RADARINDONESIANEWS.COM, JAKARTA — Asosiasi Pengusaha TIK Nasional (APTIKNAS) kembali menyatakan dukungan penuh terhadap penyelenggaraan Indonesia International Smart City Expo & Forum (IISMEX) 2025. Pameran ini akan digelar pada 13–15 Agustus 2025 di Jakarta International Expo (JIExpo) Kemayoran, terintegrasi dengan Indo Water, Indo Waste & Recycling, serta Indo Renergy & Electric.
Ketua Umum APTIKNAS Ir. Soegiharto Santoso, S.H, menegaskan bahwa IISMEX 2025 merupakan momentum strategis bagi kolaborasi lintas sektor untuk membangun kota cerdas yang berkelanjutan. “IISMEX 2025 bukan sekadar pameran teknologi, melainkan ekosistem kolaborasi di mana solusi digital bertemu dengan inovasi pengelolaan air, energi terbarukan, dan ekonomi sirkular,” ujarnya.
Menurutnya, APTIKNAS mendorong pemanfaatan teknologi kecerdasan buatan (AI), Internet of Things (IoT), big data analytics, dan smart governance untuk tata kelola perkotaan.

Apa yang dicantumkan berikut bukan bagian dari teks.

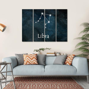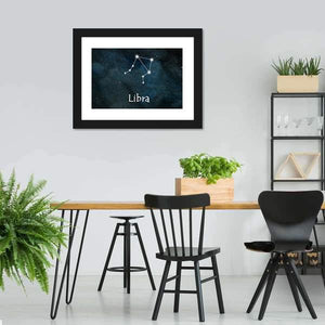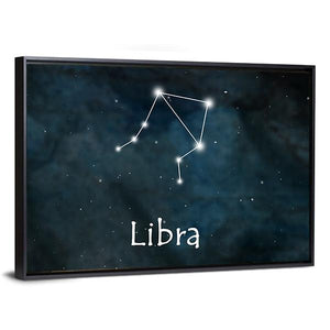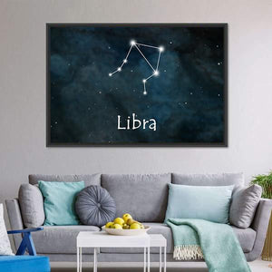 This canvas art features the Libra constellation in a serene dark blue palette, evoking a mysterious, cosmic atmosphere. The word 'Libra' is elegantly printed below the constellation, making it a thoughtful addition to your astrology-themed décor.
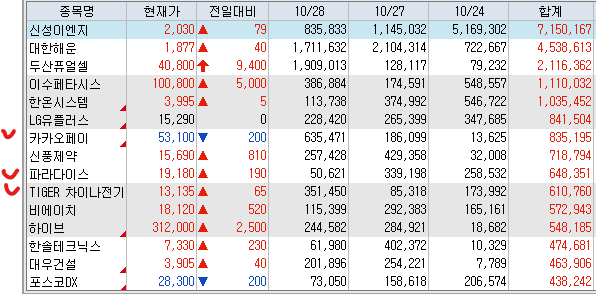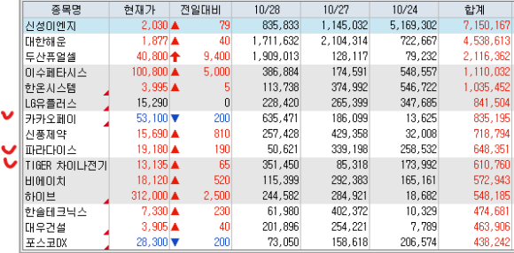 매수 : 맥쿼리인프라 제이알글로벌리츠 골프존 카카오페이 아모레퍼시픽 파라다이스 Tiger차이나전기차 Tiger차이나휴머로이드로봇 한국콜마 덕산네오룩스 STX엔진

Pihaknya juga mengajak pelaku TIK lokal, termasuk UMKM dan startup, berkontribusi menghadirkan solusi yang adaptif bagi kebutuhan Indonesia. “Kolaborasi pentahelix antara pemerintah, industri, akademisi, komunitas, dan media menjadi kunci menuju 100 kota cerdas yang berdaya saing,” tambahnya.
Deputi Bidang Pengelolaan Sampah, Limbah, dan Bahan Berbahaya dan Beracun (PSLB3) KLHK Drs. Ade Palguna Ruteka yang hadir mewakili Menteri Lingkungan Hidup menyoroti keterkaitan antara smart city dan pengelolaan lingkungan. Ia menilai integrasi IISMEX dengan Indo Waste, Indo Water, dan Indo Renergy menjadi langkah penting untuk mengatasi masalah sampah, air bersih, dan energi terbarukan.
Managing Director PT Napindo Media Ashatama Arya Seta menyebut, pameran ini menghadirkan 611 peserta dari 26 negara dengan 12 paviliun negara, termasuk Austria, Kanada, China, dan Jepang. Targetnya, sebanyak 16.000 pengunjung profesional akan memanfaatkan ajang ini sebagai platform pertukaran teknologi, membangun jaringan bisnis, dan investasi.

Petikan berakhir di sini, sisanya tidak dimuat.